コンヴィチュニーが日本のオペラ歌手を使ってモーツァルトを演出する・・・モーツァルト・イヤーとして企画された公演の中でも最も興味深いこの二期会の『皇帝ティトの慈悲』。今年のオペラ公演ラインアップのうち、私が特に楽しみに待っていたものの一つでした。しかも、キャストには現在最高の若手歌手が揃っています。コンヴィチュニー自身も、
《小さな場所で、固定したメンバーでじっくりアンサンブルを作るのが最高です。有名な歌手たちは直前に来て、すぐにまた去ってしまう。しかも、今までやっていないことを受け入れようという柔軟性に乏しい。その点で、若い人たちが多い今回のプロダクションは嬉しいです》
と語っていたように、彼の演出を吸収して、そしてモノにできる実力を持った日本人の歌手が、どのような舞台を見せてくれるか、かなり期待していました。
実際、その期待は裏切られず、私はとても満足しました。特にセスト役の林美智子(Ms)の出来は、おそらく客席は高い評価で一致していたのではないでしょうか。私は今までに彼女のオクタヴィアン、ツェルリーナの歌唱を聴いて注目していましたが、今回のセストはそれらを超えてすばらしい歌唱だったと思います。

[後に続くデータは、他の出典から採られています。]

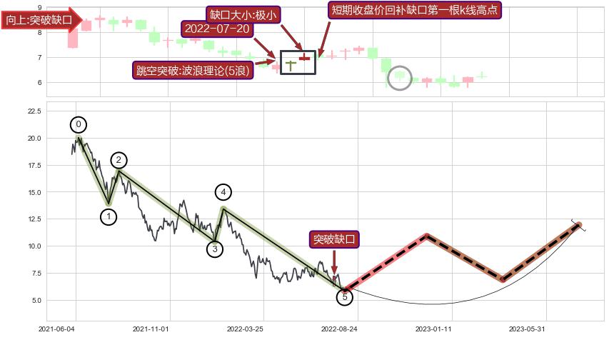 ➢ 收盘价(2022-07-29: 6.15 )→回踩→第一根k线高点(2022-07-19: 6.83 )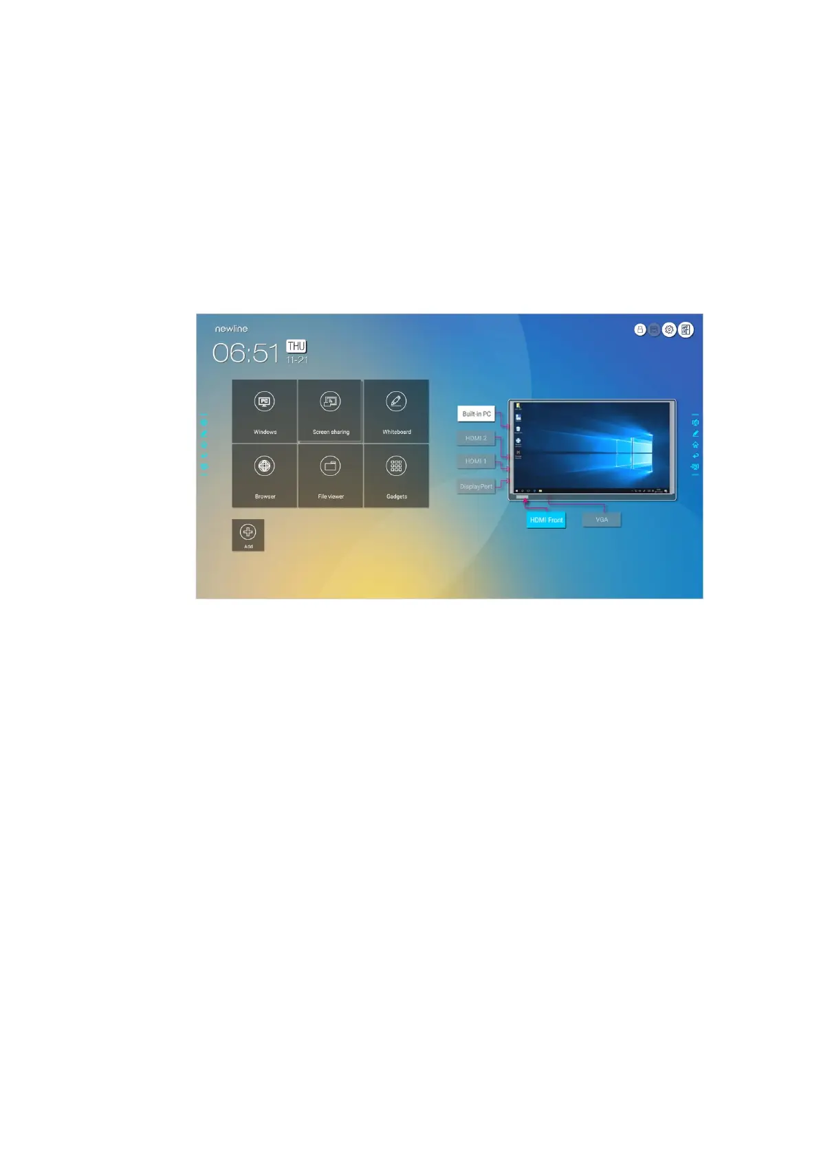 On the Home page, signal source preview window including internal PC, HDMI Front,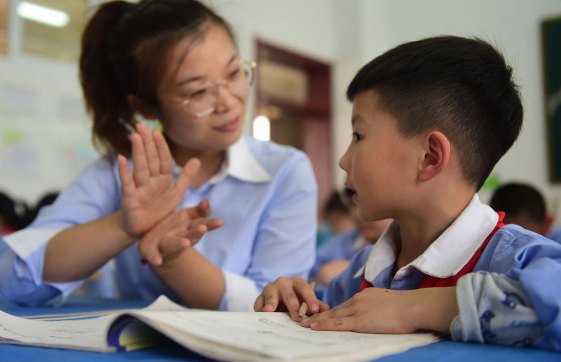 河北沧州小学“延时放学”,学生在老师指导下完成作业 王民 摄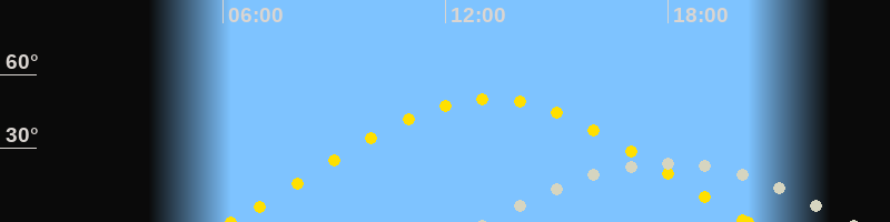 | Sonnenaufgang | 06:13 Uhr im Osten (αAz = 71.8°) |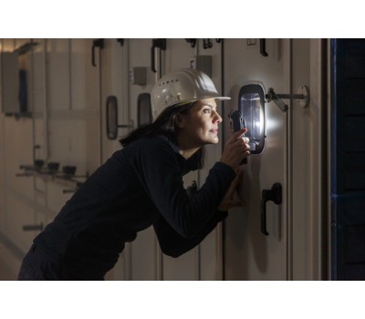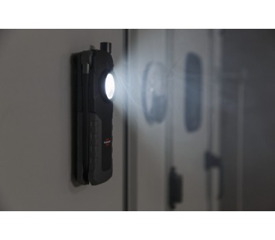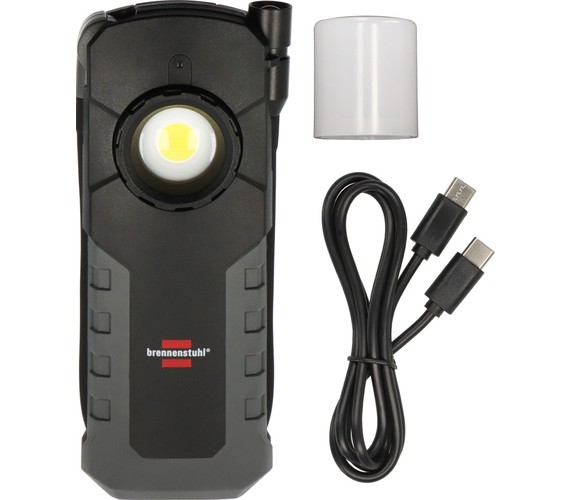 The Professional Rechargeable LED Inspection Light HL 1000 ACW is an extremely robust Work Light with a replaceable 3.7V/2.5Ah Li-Ion battery and a charge level indicator, designed for illuminating confined and hard-to-reach areas. This LED Torch with IP54 protection class has four different switching levels (spot - COB: 100%-50%-25%) to meet every requirement. The Inspection Light can be conveniently charged via the USB C charging interface using the USB C charging cable supplied or alternatively via the separate wireless charging pad (not included). Thanks to the integrated magnet on the back and the 360° rotatable hook, the Mechanic's Torch is extremely versatile and offers flexible application options in workshops, garages or even when working on vehicles.

セルヴィーリア役の幸田浩子(S)も、最近の活躍どおりの実力を見せてくれました。ヴィテッリア役の林正子(S)は、演技がうまい。その役の性格などを自然な形で示してくれます。タイトル・ロールの望月哲也(T)も十分な出来だったと言えるでしょう。これだけ歌えれば、今の日本人テノールの中では申し分ありません。へたに外国人を連れてくるよりもよほどいいです。
こういった日本人の優れた若手歌手を、コンヴィチュニーは、どこかヨーロッパのオペラハウスで仕事をするときに呼んだりしてくれないでしょうか。野球のメジャーリーガーではないのですが、オペラでもヨーロッパで注目される大きな舞台に、真に実力を持った日本人若手歌手が、もっと起用されることを望んでいます。
さて、肝心のコンヴィチュニーの演出はどうだったのか・・・。以前、NHK衛星第二で放映されたメッツマッハー指揮ハンブルク州立歌劇場の『魔弾の射手』の公演(録画1999年)でのコンヴィチュニーの演出は、それはもう大変なおもしろさで、この演出家に私は圧倒されたことがあります。
今回の『皇帝ティトの慈悲』も、型破りな演出で、驚きの連続でした。これをどう評価すればいいのか・・・、実は私は悩んでしまい、このことがなかなか書けないでいました。よくわからない、と言えばいいのでしょうか。いや、正直に言えば、もし、この公演がコンヴィチュニーの演出だということを知らずに観ていたら、私は「また二期会の悪ノリが始まった」「まともにオペラを上演してくれ」「もう親父ギャグはやめてくれ」と矢継ぎ早に非難の言葉を浴びせていたに違いありません。「あの」コンヴィチュニーの演出だと思っているからこそ、これには何か深い意味があるに違いない・・・といって考えたのではないでしょうか。私のオペラ鑑賞も、所詮その程度でもあるのです。
こうした考えのもとに、あの最初の照明も、トイレに入った皇帝も、幸田さんと呼ばれたセルヴィーリアも、コンヴィチュニーというブランドを付ければこれはまた実におもしろい演出だったと思います。本当に。
音楽を止めたりしてまで何かをするのは、よほど演出家に説得力がなければ、なかなかできないことでもあると思います。客席にティトを座らせるのもそうでしょう。しかし、舞台すらまともに見えない新国の4階で観ていた私には当然何も見えず、フラストレーションがたまりました。
二期会は、こういう演出を実現させるのに、コンヴィチュニーと相性が良かったとも言えるかもしれません。
また、今回のような公演なら、もしモーツァルトが観たら、きっと大喜びしたのではないかと、ふと感じました。
最後に、火事の被害を受けながら公演を支えたスダーン指揮の東京交響楽団にも大きな拍手を送りたいですし、調子の悪かった(笑)照明も、実に多彩な画面を創り出していたということを付け加えておきたいと思います。